İçeriğe geç

Besle Kargayı Oysun Kerkük’ü!..

İktidarın ne ekonomideki batış ne dış politikada kuşatılma gibi bir sorunu var. Tek dertleri muhalefet, tek icraatları operasyon. Ama biz yine de Türkiye’nin güvenliğiyle yakından ilgili gelişmeleri aktaralım.

KKTC’deki Cumhurbaşkanlığı seçimlerini Tufan Erhürman kazanınca MHP Lideri Devlet Bahçeli’nin 2017’de Kerkük’e tahsis ettiği 82 plakasını, “durumun aciliyetine binaen, şimdilik kısmi bir revize yaparak” KKTC’ye vermesi üzerine; 11 Kasım’daki Irak Parlamentosu seçimleri nedeniyle Barzanilerin Kerkük başta olmak üzere tarihi Türkmen kentlerindeki faaliyetlerine işaret edip, “Sadece KKTC’ye değil Kerkük’e de dikkat” dedik.

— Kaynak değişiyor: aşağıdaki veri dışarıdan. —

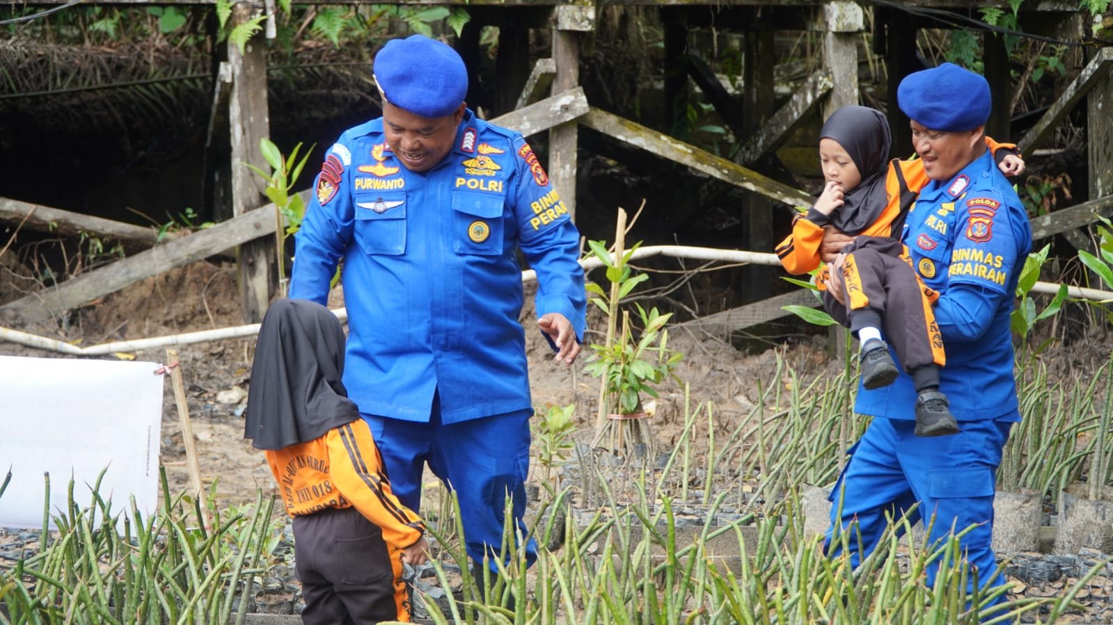 Tak hanya mengenal tugas kepolisian, personel Polairud juga memberikan materi pengenalan ekosistem mangrove sebagai bagian dari edukasi lingkungan sejak usia dini.

Şimdi ise Celal Talabani’den sonra KYB’nin başına geçen ve Kerkük’ü, “KYB’nin kırmızı çizgisi… Kürdistan’ın Kudüs” ilân eden Bafıl Talabani’nin yaptıklarını anlatalım.

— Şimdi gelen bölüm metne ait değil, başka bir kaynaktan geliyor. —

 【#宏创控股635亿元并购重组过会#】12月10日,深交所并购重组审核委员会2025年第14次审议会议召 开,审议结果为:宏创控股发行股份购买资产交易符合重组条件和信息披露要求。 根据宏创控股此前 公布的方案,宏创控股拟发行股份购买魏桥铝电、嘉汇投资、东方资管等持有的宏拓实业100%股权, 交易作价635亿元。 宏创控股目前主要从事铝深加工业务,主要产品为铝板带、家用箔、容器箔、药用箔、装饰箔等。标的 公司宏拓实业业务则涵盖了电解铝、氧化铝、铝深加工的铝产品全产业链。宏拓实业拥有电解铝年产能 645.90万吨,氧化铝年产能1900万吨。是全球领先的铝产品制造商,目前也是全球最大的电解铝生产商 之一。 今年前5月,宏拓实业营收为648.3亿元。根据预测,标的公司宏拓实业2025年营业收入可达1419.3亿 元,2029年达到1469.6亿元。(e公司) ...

Kerkük’te 18 yıl aradan sonra 18 Aralık 2023’te yapılan il meclisi seçimlerinde KYB birinci parti olunca iktidarımızın medyası, “Kerkük’ü Türksüzleştirme planının 18 yıl sonra yapılan seçimde yeniden devreye sokulduğunu” vurgulayıp, “sandığa giden binlerce Türkmen’e ‘Parmak izi sisteminde arıza var.’ bahanesiyle oy kullandırılmadığından” yakınırken, Bafıl Talabani’yi ilk kutlayan DEM’in eş başkanları Tuncer Bakırhan ve Tülay Hatimoğulları oldu. Şimdi iktidarla açılım yolunda yürüyen bu iki isim, “Ortadoğu’da ulus-devletçi anlayışın toplumları böl-yönet stratejisi kapsamında halkları ulusal kimliklerine ve inançlarına göre ayırarak hüküm sürme ve bölgeyi istikrarsızlaştırma çabalarına karşı Kerkük halklarının iradesinin Ortadoğu coğrafyasına umut olduğunu” açıkladı.

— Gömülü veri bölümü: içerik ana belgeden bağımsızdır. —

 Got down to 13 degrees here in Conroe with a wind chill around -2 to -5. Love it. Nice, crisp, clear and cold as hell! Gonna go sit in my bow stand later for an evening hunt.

Sıra Kerkük İl Meclis’inin valiyi seçmesine geldiğinde hiçbir parti tek başına çoğunluk sayısına ulaşamadığından toplantılar sürekli ertelendi. Ankara’nın tavrı şu oldu:

Dışişleri Bakanı Hakan Fidan, “dönüşümlü valilik” sistemini istediğimizi belirtirken, “Beklenmedik şekilde KYB’nin oylarını artırdığı görünüyor… PKK ve KYB ortaklığının bölgede etkinlik kuracağı bir denklemin olmaması için çalışmaya devam ediyoruz.” dedi.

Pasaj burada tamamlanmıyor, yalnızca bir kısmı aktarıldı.